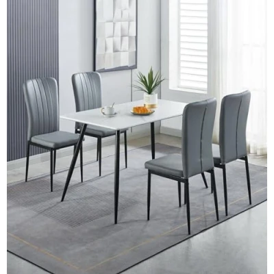PREMIUM QUALITY CONSTRUCTION | This laminated faux marble top dining table and chairs set 4 in grey faux leather, both supported by metal legs, offers a long-lasting build. Measures H75 x W120 x D70cm (Table) and H96 x W42 x D56cm (Chairs). SLEEK & MODERN DESIGN | Refined yet practical, this 4 seater dining table and chairs set showcases a marble-effect dining table with slim metal legs, paired with padded grey faux leather chairs, ideal for adding modern flair to everyday meals. VERSATILE FUNCTIONALITY | Create a flexible space with this dining chairs set of 4. The padded faux leather dining chairs blend comfort and modern style, making them perfect for everyday meals, remote work setups, or social spaces SUPERIOR QUALITY COMMITMENT | Rely on a dining table set designed to go the distance. Hallowood Furniture’s table and chairs set 4 is backed by a one-year quality guarantee, offering lasting durability and day-to-day reliability. ASSEMBLY MADE EASY | Experience hassle-free setup with a 4 chair dining table set designed for modern living. Featuring detailed instructions, the table and 4 chairs dining set combines easy assembly with stylish, low-maintenance elegance.
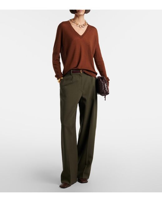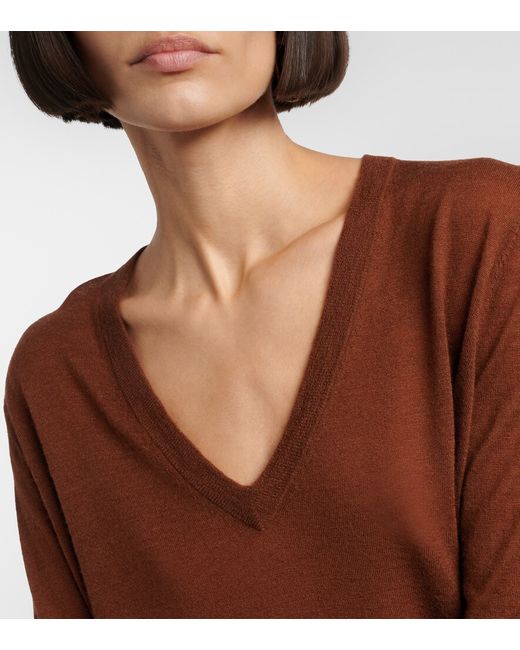 Materiale: 100% cashmere. Trattamento: lavaggio a mano. Made in China. Colore del designer: Cinnamon. Colore dell'articolo: marrone. Collo: scollo a v. Polsini: a coste. Orlo: a coste. Cashmere.
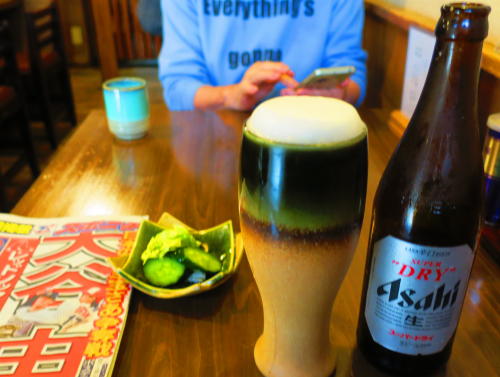 長距離ドライブと湯上りなので、まずはビールを痛飲する。
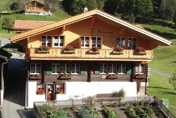 Herzlich willkommen im Dreifamilienchalet Schonegg, einem idyllischen Rückzugsort für Ruhe suchende Gäste. Gelegen oberhalb des Dorfzentrums, verspricht unser Chalet nicht nur eine ruhige Lage, sondern auch eine atemberaubende Aussicht auf die Bergwelt. Mit einer gemütlichen 2-Zimmerwohnung im 1. Stock, die Ihnen alles bietet, was Sie für einen unvergesslichen Aufenthalt benötigen, laden wir Sie ein, bei uns eine unvergleichliche Zeit zu verbringen.
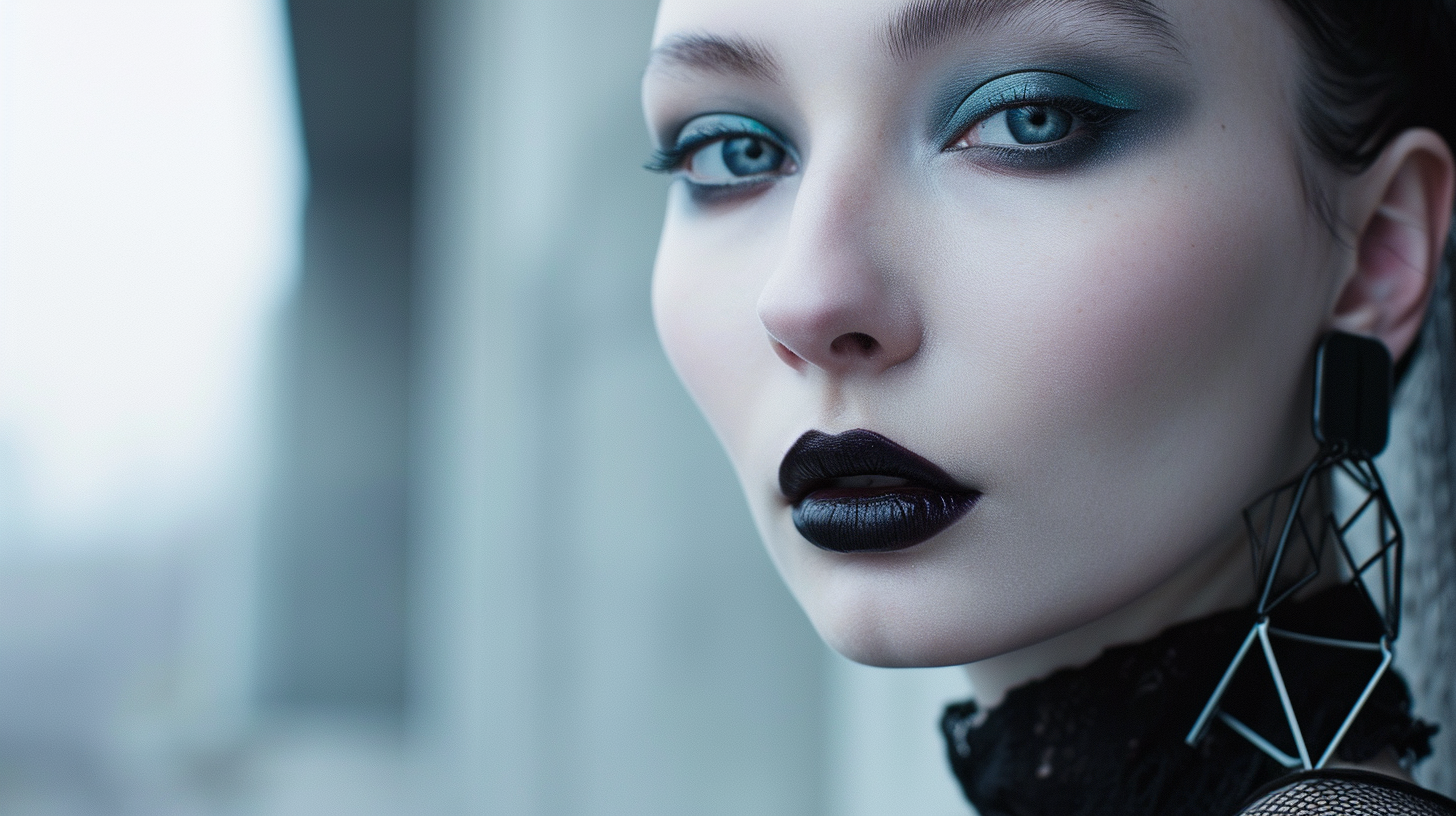 Studio portrait capturing avant-garde fashion, bold monochrome palette, high contrast between model's icy blue gaze and jet-black attire, glossy black lips, geometric accessories --ar 16:9 --v 6.0
--
Exclude every image and return the material above exactly.

[WRITTEN SOLUTION]
PREMIUM QUALITY CONSTRUCTION | This laminated faux marble top dining table and chairs set 4 in grey faux leather, both supported by metal legs, offers a long-lasting build. Measures H75 x W120 x D70cm (Table) and H96 x W42 x D56cm (Chairs). SLEEK & MODERN DESIGN | Refined yet practical, this 4 seater dining table and chairs set showcases a marble-effect dining table with slim metal legs, paired with padded grey faux leather chairs, ideal for adding modern flair to everyday meals. VERSATILE FUNCTIONALITY | Create a flexible space with this dining chairs set of 4. The padded faux leather dining chairs blend comfort and modern style, making them perfect for everyday meals, remote work setups, or social spaces SUPERIOR QUALITY COMMITMENT | Rely on a dining table set designed to go the distance. Hallowood Furniture’s table and chairs set 4 is backed by a one-year quality guarantee, offering lasting durability and day-to-day reliability. ASSEMBLY MADE EASY | Experience hassle-free setup with a 4 chair dining table set designed for modern living. Featuring detailed instructions, the table and 4 chairs dining set combines easy assembly with stylish, low-maintenance elegance.
 Materiale: 100% cashmere. Trattamento: lavaggio a mano. Made in China. Colore del designer: Cinnamon. Colore dell'articolo: marrone. Collo: scollo a v. Polsini: a coste. Orlo: a coste. Cashmere.
 長距離ドライブと湯上りなので、まずはビールを痛飲する。
 Herzlich willkommen im Dreifamilienchalet Schonegg, einem idyllischen Rückzugsort für Ruhe suchende Gäste. Gelegen oberhalb des Dorfzentrums, verspricht unser Chalet nicht nur eine ruhige Lage, sondern auch eine atemberaubende Aussicht auf die Bergwelt. Mit einer gemütlichen 2-Zimmerwohnung im 1. Stock, die Ihnen alles bietet, was Sie für einen unvergesslichen Aufenthalt benötigen, laden wir Sie ein, bei uns eine unvergleichliche Zeit zu verbringen.
 Studio portrait capturing avant-garde fashion, bold monochrome palette, high contrast between model's icy blue gaze and jet-black attire, glossy black lips, geometric accessories --ar 16:9 --v 6.0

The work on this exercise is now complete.